For the Birds Radio Program: Hawk Ridge Weekend 1988
(Recording of a Bald Eagle)
Last weekend was Hawk Ridge Weekend, bringing bird watchers to the Northland from as far away as Hawaii. Hundreds of birders escaped from the Twin Cities area on a temporary reprieve to thrill to the haunting sight of birds of wilderness gliding on thermals through the open sky. Although the winds were wrong for a big Broad-wing flight, lots of Red-tailed and Sharp-shinned Hawks and Ospreys courteously ignored the south and east winds to show off our little nature reserve to perfection.
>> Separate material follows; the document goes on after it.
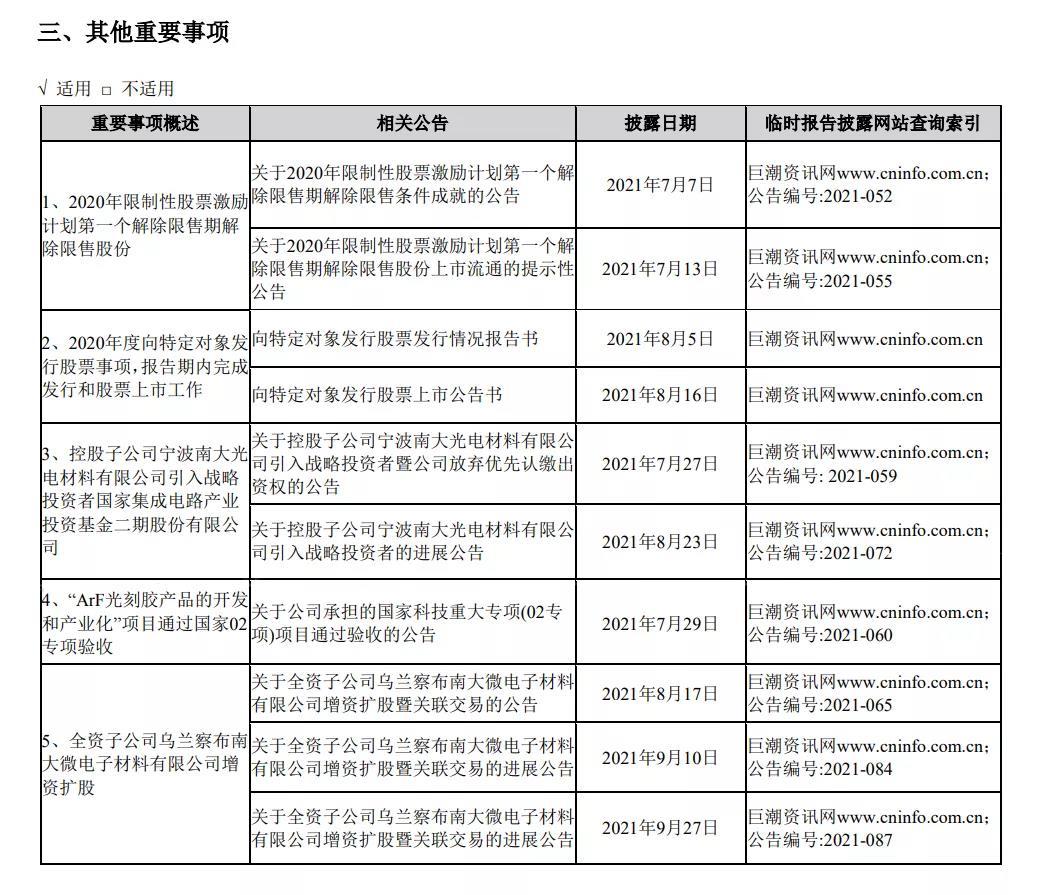 對于(yu)營收(shou)增長(zhang)的原(yuan)因,南(nan)大光(guang)電表(biao)示主(zhu)要是(shi)本期(qi)公😺司(si)👌産品(pin)市場(chang)需求(qiu)增長(zhang)所緻(zhi)。同時(shi),南大(da)光電(dian)在報(bao)👩🏽🐰👩🏿告中(zhong)披露(lu)總結(jie)了公(gong)司第(di)三季(ji)度的(de)重要(yao)事項(xiang)——

And along with the abundant sharpies, a crowd-pleasing Kestrel, Goshawk and three Cooper’s Hawks flew into the banding station nets so lots of people could get close looks before they were released.
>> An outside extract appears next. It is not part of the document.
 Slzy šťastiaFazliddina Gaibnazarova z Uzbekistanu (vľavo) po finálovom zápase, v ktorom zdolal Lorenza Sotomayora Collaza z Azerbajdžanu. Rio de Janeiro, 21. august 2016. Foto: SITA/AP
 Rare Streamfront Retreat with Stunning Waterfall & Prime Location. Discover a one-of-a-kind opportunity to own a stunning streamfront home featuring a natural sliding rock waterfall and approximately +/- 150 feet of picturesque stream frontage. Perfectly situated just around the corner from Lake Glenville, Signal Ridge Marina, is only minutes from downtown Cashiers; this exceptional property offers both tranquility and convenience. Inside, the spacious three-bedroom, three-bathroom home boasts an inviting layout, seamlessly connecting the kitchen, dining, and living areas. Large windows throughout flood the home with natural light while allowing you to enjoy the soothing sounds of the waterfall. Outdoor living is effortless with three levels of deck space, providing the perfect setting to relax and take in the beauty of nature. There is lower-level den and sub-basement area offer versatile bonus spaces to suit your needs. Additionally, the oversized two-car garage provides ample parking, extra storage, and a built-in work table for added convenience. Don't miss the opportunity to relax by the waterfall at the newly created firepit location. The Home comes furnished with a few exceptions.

All the people who come here from so far away to enjoy our natural pleasures make me realize how lucky I am to live here. We have so many riches in the Northland that we sometimes take it all for granted–like Crex Meadows, that lovely avian Mecca in Northwestern Wisconsin that attracts cranes, geese, and lots of nice warblers and sparrows. It’s a favorite stopover for people coming up from Illinois and southern Wisconsin. People who drove here from west of Grand Rapids talked enthusiastically about Pileated Woodpeckers swooping across the road, and Ruffed Grouse skulking along the highway. And of course everyone noticed our hawks. Broad-wings sitting on telephone poles along the highway, watching for a snake or frog to fuel their flight to Central America. Merlins, more abundant in St. Louis County now than anyone can remember, hunting and calling along Highway 61. Kestrels sitting on the wires in Northern Wisconsin farm country. Turkey Vultures gliding on thermals and updrafts from the Boundary Waters. And of course our supreme hawk, the Bald Eagle. It’s too early for the bulk of our eagle migration, but anyone’s blood is stirred by the sight of a majestic eagle perched atop a spruce tree against a crisp Northland sky–who needs migrants when our local eagles put on such a display?
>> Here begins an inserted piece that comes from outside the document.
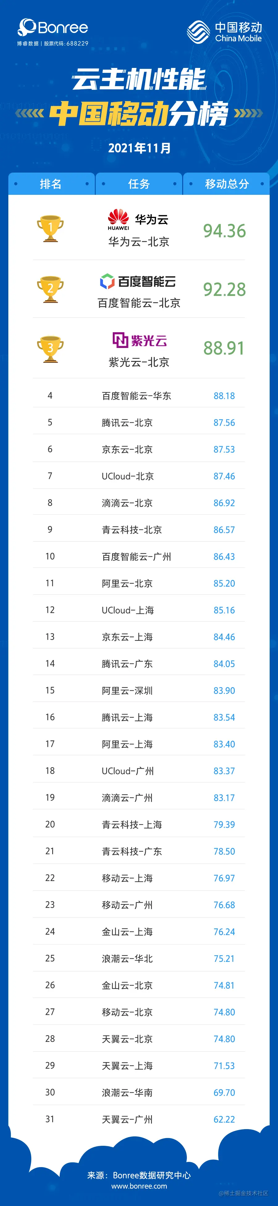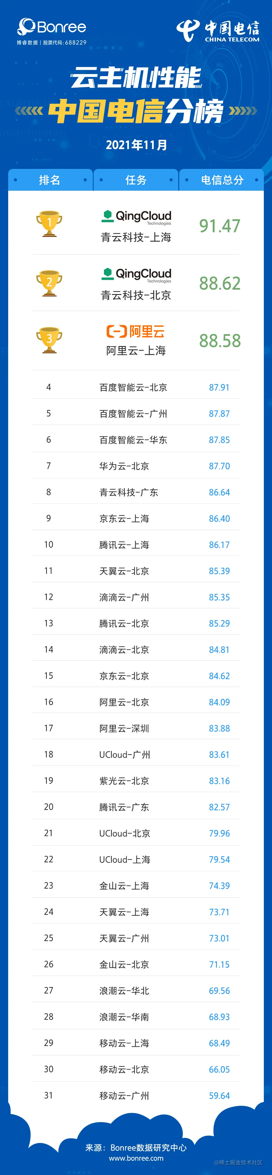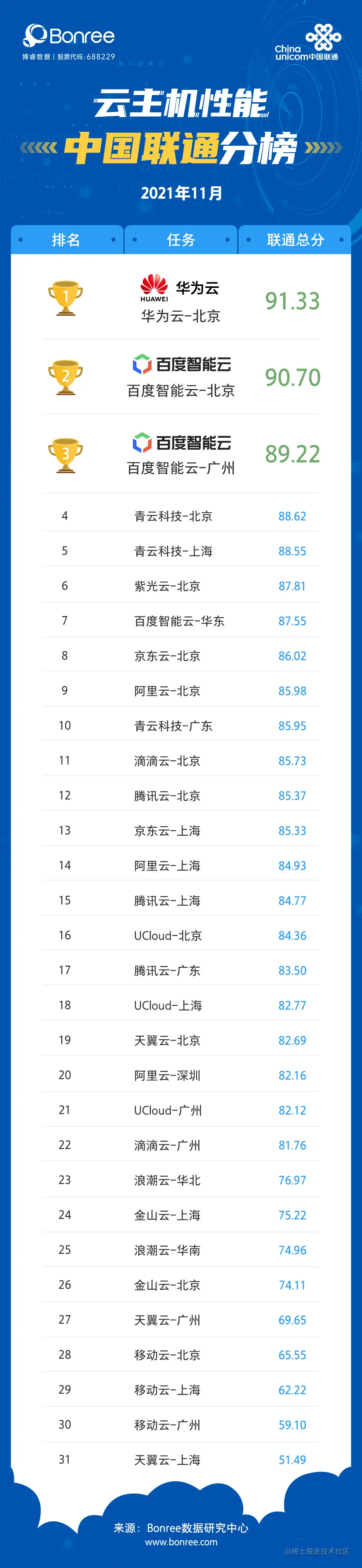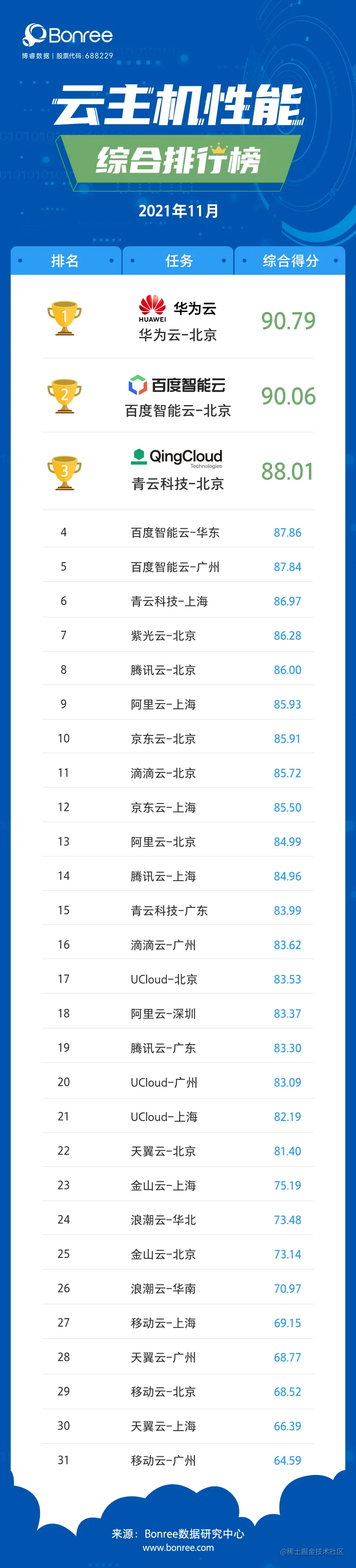 在2021年11月主机性能综合排行榜新鲜出炉,华为云-北京继续霸榜,百度智能云-北京和青云科技-北京位列第二、三名。

I ate dinner Saturday night with our keynote speaker, Peter Dunne, a prolific writer and supreme birder from New Jersey. Hearing about Cape May stirred my blood–I’ve long dreamed of spending a fall migration in that incredible bird magnet. But when he talked about the clearcutting along most of the cape, the incredible development taking place there, the garbage floating onto the shores, I knew that the Northland is where I belong. Not that we are any higher-minded here than the people and industries in New Jersey. What is happening along the East Coast is happening here just the same, but so far on a mercifully smaller scale. Luxury condominiums on a sensitive shoreline are as great an outrage in Superior as they are on Cape May. Industrial waste is as disgusting flowing into the wetlands surrounding a Ready-mix plant as into New Jersey tidal flats. And shopping malls by any name built on wetlands have long-range, insidious effects, from the decimation of duck populations to the contamination of rivers and ground water. The very air we breathe in the Northland is growing more and more contaminated as our roads grow more and more congested. Development in any area is important for its people, but selling out the very resources that make us want to live here in the first place is insanity. When we hear from other people how beautiful our own little world is, I hope it motivates us to keep it that way always.
(Recording of a Bald Eagle)
This is Laura Erickson, and this program has been “For the Birds.”